This weekend I thought why not pamper my sweet tooth a bit. Good reason for this is - one of my friends Mom e-mailed me last week with lots of good wishes and a saying –“Life is uncertain. Eat dessert first.” And she sent this beautiful Mexican dessert recipe which she called cinnamon coconut custard. I thought it’s good to be sweet sometimes so I recreate it in my kitchen and it was wonderful with a prominent cinnamon flavor. I am sure you will love this light creamy dessert and specially after a spicy main course.
Sugar 1 cup (more or less according to choice)
Cinnamon sticks 1 inch
Cinnamon powder 3 pinch
Dry shredded coconut 1 cup
Milk 2 cups
Whipped cream 6 tablespoon(optional)
Chopped almond 2 table spoon toasted(optional)

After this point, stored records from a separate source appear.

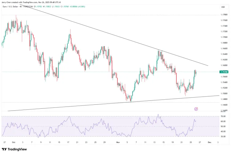 消息面,美国财长贝森特透露,特朗普可能在圣诞节前公布美联储主席人选。市场分析认为白宫经济顾问哈西特和美联储理事沃勒是热门人选。现任主席鲍威尔的任期于明年5月结束。由于哈西特没有美联储任职经历且与特朗普关系密切,若最终胜出或令市场对美联储独立性产生更大的担忧,这是美元的潜在利空。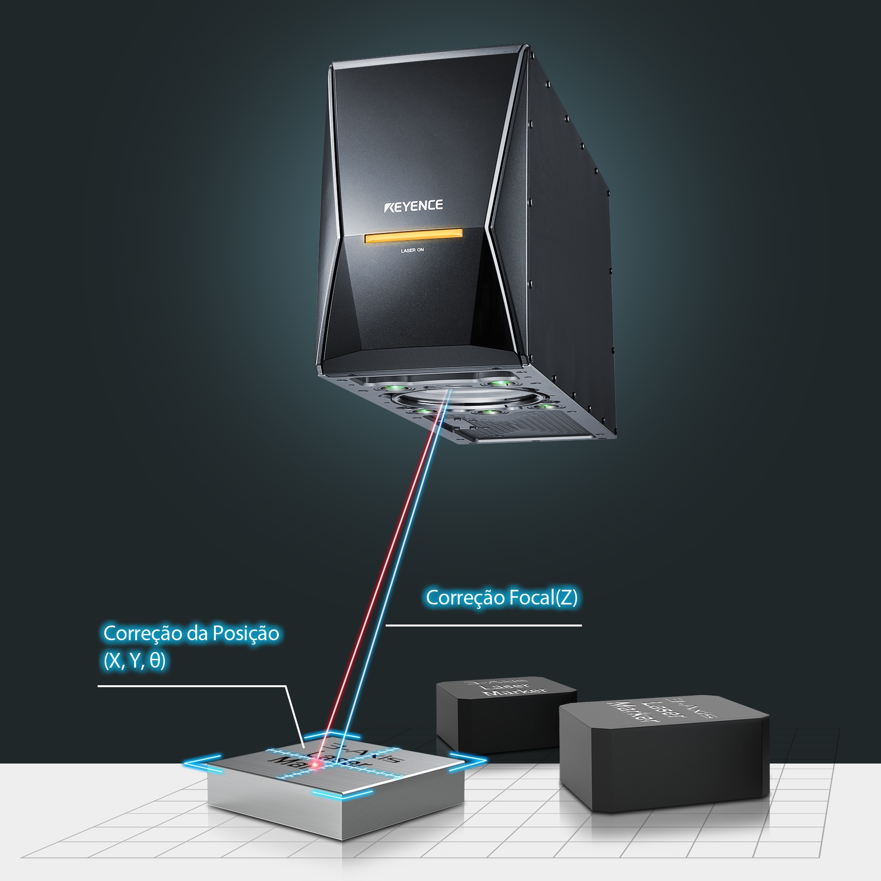 A Série MD-X contém uma câmera no interior da cabeça de marcação a laser que pode identificar automaticamente o formato de um alvo. O marcador a laser pode então ajustar os deslocamentos de X, Y e teta para assegurar que a posição de marcação sempre esteja correta.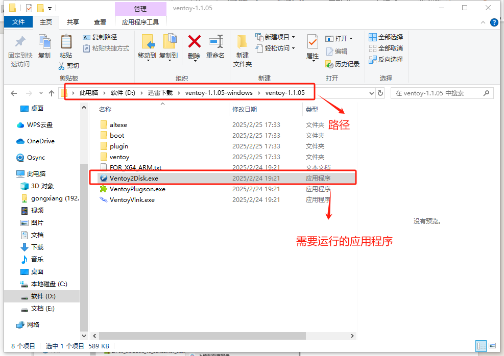打開ventoy文件夾,找到其中的“Ventoy2Disk.exe”應(yīng)用程序

Chocolate sauce 1 table spoon(optional)
Put a pan on heat and boil milk with cinnamon sticks .Then add grated coconut and sugar. Continuously go on stirring for 10 minutes. This is a good exercise for hands if you want to shed few pounds while cooking and then gain few having it ( hahaha)! Put off the flame and let it cool down completely then take off the cinnamon sticks from it. Meanwhile take a bowl and take four eggs in it with a pinch of cinnamon powder. Whisk well. Add the prepared coconut in it . Mix well. Now grease a baking dish and pour the whole mixture in it. Bake at 375 degree for 10 minutes or till done. Take out let it cool down top with whipped cream and almond flakes and drip chocolate sauce and make any design of your choice and sprinkle cinnamon powder on top .Those who can show the courage to skip this tempting part please do so though I must admit I fall weak and even can’t wait to put it in the refrigerator and then have it, but for you do serve this delicious Mexican Cinnamon Coconut Custard after giving a half hour rest in the refrigerator.